◆ AIM OF THE EXERCISE:
Pictures aside, each entry has to be returned exactly as it stands.

:: MATERIAL SUPPLIED ::

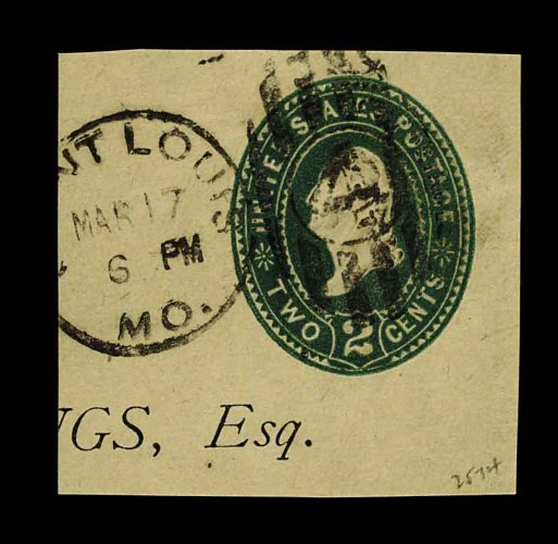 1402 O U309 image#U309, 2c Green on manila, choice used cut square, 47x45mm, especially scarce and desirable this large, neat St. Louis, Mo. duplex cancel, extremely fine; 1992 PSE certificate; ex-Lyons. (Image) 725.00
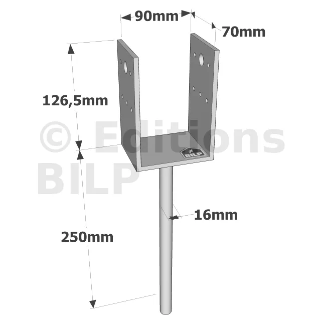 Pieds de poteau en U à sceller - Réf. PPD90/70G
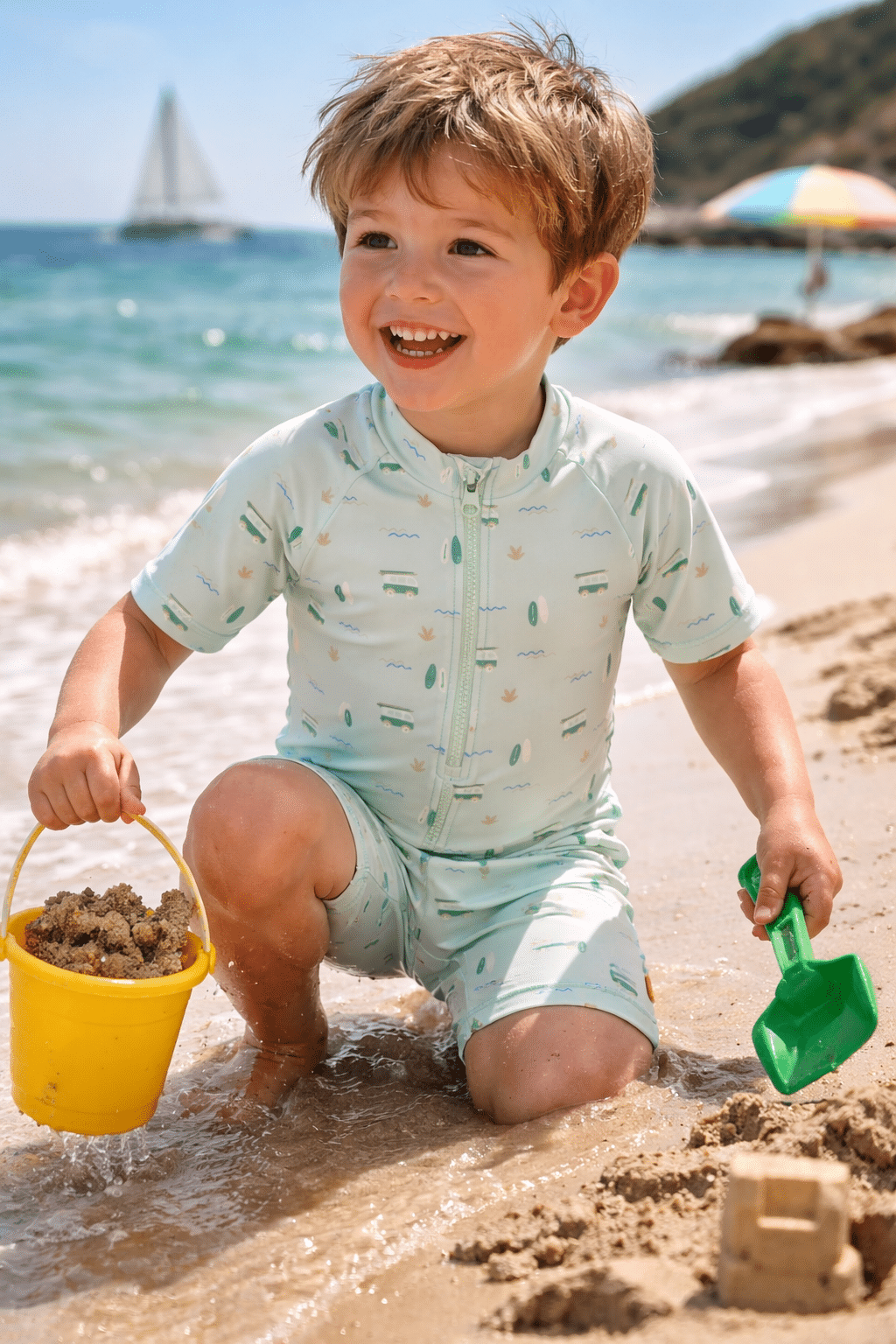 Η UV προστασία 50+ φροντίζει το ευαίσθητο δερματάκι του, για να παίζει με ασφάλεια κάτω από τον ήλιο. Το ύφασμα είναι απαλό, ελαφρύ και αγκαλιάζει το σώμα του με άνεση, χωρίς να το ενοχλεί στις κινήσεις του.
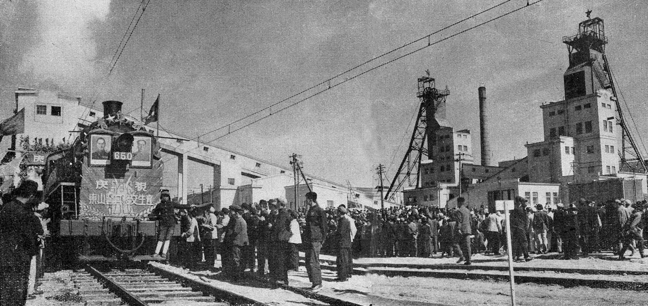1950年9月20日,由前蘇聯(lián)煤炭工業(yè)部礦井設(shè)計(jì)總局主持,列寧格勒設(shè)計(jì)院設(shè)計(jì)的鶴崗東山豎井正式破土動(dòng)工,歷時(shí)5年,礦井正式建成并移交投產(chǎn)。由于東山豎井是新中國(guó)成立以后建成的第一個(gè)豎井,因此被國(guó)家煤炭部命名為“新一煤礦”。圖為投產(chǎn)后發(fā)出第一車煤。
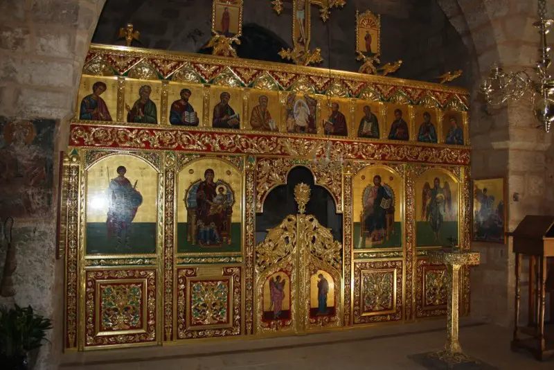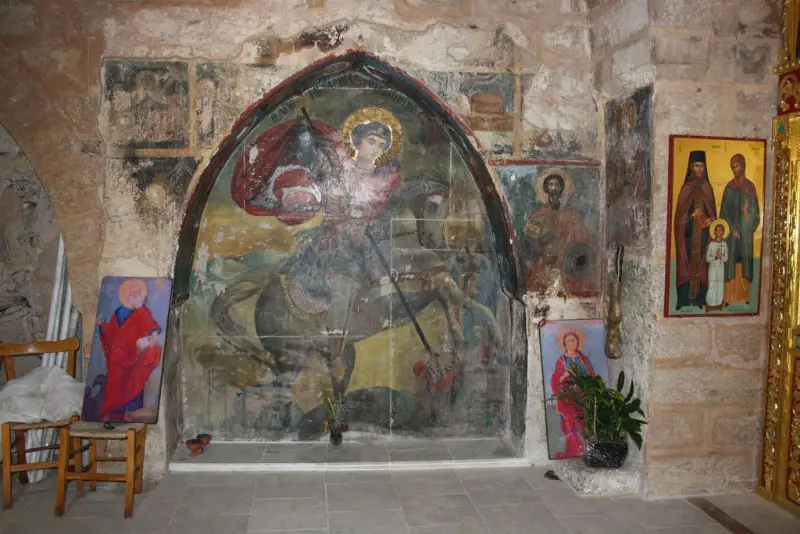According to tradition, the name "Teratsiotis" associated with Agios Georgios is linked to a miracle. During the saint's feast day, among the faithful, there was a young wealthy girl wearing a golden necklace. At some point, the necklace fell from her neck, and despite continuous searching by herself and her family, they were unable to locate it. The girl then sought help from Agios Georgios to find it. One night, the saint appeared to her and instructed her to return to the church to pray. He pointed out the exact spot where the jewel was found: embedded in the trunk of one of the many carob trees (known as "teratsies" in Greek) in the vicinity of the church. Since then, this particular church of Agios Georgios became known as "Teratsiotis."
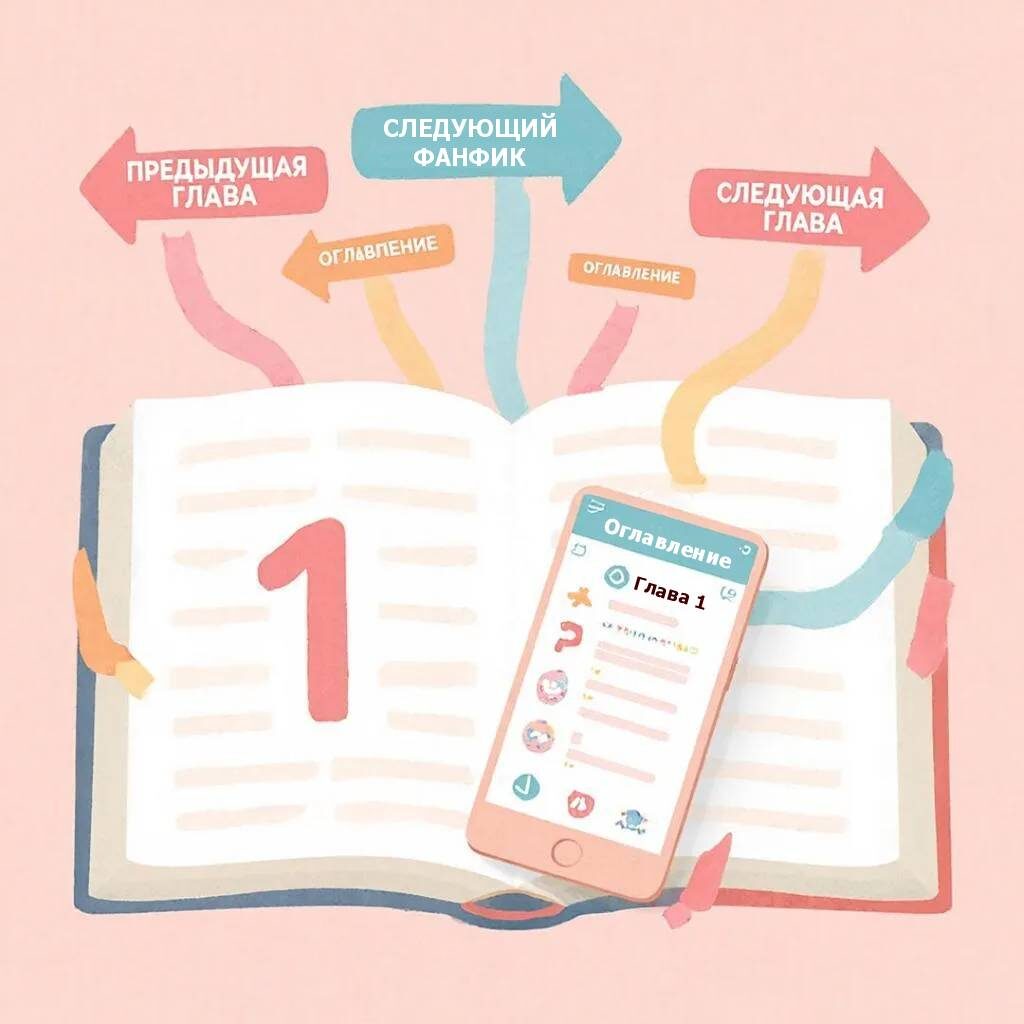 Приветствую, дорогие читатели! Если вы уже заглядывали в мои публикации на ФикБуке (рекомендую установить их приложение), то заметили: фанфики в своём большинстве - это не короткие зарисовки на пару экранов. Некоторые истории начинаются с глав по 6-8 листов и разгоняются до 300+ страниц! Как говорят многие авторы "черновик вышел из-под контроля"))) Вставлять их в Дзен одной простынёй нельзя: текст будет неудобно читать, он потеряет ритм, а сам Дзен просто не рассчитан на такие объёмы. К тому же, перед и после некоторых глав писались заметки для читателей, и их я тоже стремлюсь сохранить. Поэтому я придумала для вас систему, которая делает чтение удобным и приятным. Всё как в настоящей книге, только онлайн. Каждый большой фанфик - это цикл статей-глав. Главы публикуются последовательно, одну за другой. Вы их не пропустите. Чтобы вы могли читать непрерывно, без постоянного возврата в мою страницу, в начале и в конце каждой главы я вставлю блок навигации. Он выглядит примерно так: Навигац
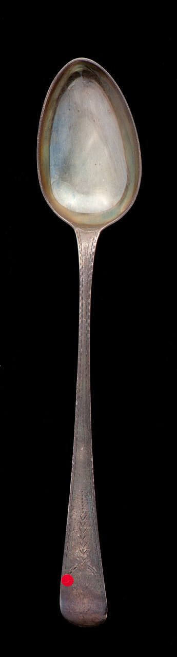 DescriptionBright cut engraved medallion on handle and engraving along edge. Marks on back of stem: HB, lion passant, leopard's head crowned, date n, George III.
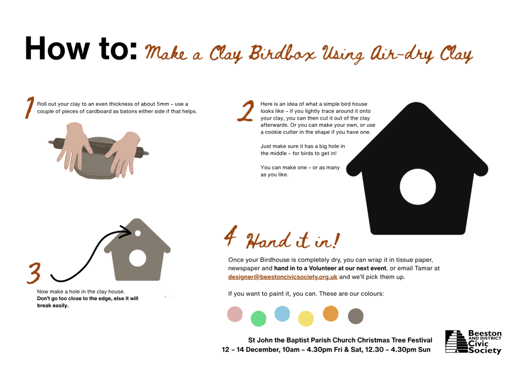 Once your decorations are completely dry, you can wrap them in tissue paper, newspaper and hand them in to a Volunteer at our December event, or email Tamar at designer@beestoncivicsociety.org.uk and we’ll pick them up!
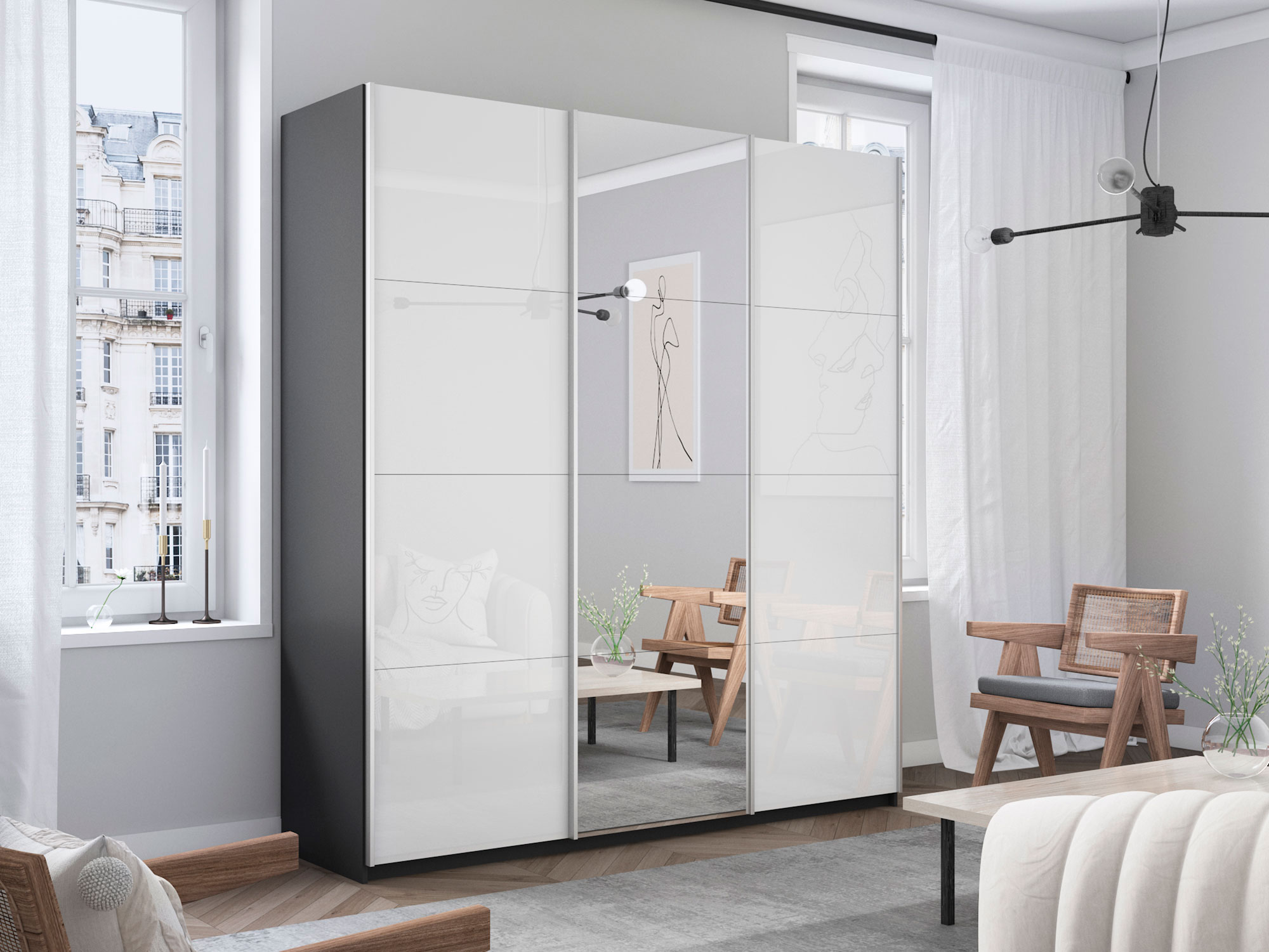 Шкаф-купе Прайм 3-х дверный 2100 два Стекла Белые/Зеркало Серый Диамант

:::

◆ WRITTEN ANSWER:
 1402 O U309 image#U309, 2c Green on manila, choice used cut square, 47x45mm, especially scarce and desirable this large, neat St. Louis, Mo. duplex cancel, extremely fine; 1992 PSE certificate; ex-Lyons. (Image) 725.00
 Pieds de poteau en U à sceller - Réf. PPD90/70G
 Η UV προστασία 50+ φροντίζει το ευαίσθητο δερματάκι του, για να παίζει με ασφάλεια κάτω από τον ήλιο. Το ύφασμα είναι απαλό, ελαφρύ και αγκαλιάζει το σώμα του με άνεση, χωρίς να το ενοχλεί στις κινήσεις του.
1950年9月20日,由前蘇聯(lián)煤炭工業(yè)部礦井設(shè)計(jì)總局主持,列寧格勒設(shè)計(jì)院設(shè)計(jì)的鶴崗東山豎井正式破土動(dòng)工,歷時(shí)5年,礦井正式建成并移交投產(chǎn)。由于東山豎井是新中國(guó)成立以后建成的第一個(gè)豎井,因此被國(guó)家煤炭部命名為“新一煤礦”。圖為投產(chǎn)后發(fā)出第一車煤。
According to tradition, the name "Teratsiotis" associated with Agios Georgios is linked to a miracle. During the saint's feast day, among the faithful, there was a young wealthy girl wearing a golden necklace. At some point, the necklace fell from her neck, and despite continuous searching by herself and her family, they were unable to locate it. The girl then sought help from Agios Georgios to find it. One night, the saint appeared to her and instructed her to return to the church to pray. He pointed out the exact spot where the jewel was found: embedded in the trunk of one of the many carob trees (known as "teratsies" in Greek) in the vicinity of the church. Since then, this particular church of Agios Georgios became known as "Teratsiotis."
 Приветствую, дорогие читатели! Если вы уже заглядывали в мои публикации на ФикБуке (рекомендую установить их приложение), то заметили: фанфики в своём большинстве - это не короткие зарисовки на пару экранов. Некоторые истории начинаются с глав по 6-8 листов и разгоняются до 300+ страниц! Как говорят многие авторы "черновик вышел из-под контроля"))) Вставлять их в Дзен одной простынёй нельзя: текст будет неудобно читать, он потеряет ритм, а сам Дзен просто не рассчитан на такие объёмы. К тому же, перед и после некоторых глав писались заметки для читателей, и их я тоже стремлюсь сохранить. Поэтому я придумала для вас систему, которая делает чтение удобным и приятным. Всё как в настоящей книге, только онлайн. Каждый большой фанфик - это цикл статей-глав. Главы публикуются последовательно, одну за другой. Вы их не пропустите. Чтобы вы могли читать непрерывно, без постоянного возврата в мою страницу, в начале и в конце каждой главы я вставлю блок навигации. Он выглядит примерно так: Навигац
 DescriptionBright cut engraved medallion on handle and engraving along edge. Marks on back of stem: HB, lion passant, leopard's head crowned, date n, George III.
 Once your decorations are completely dry, you can wrap them in tissue paper, newspaper and hand them in to a Volunteer at our December event, or email Tamar at designer@beestoncivicsociety.org.uk and we’ll pick them up!
 Шкаф-купе Прайм 3-х дверный 2100 два Стекла Белые/Зеркало Серый Диамант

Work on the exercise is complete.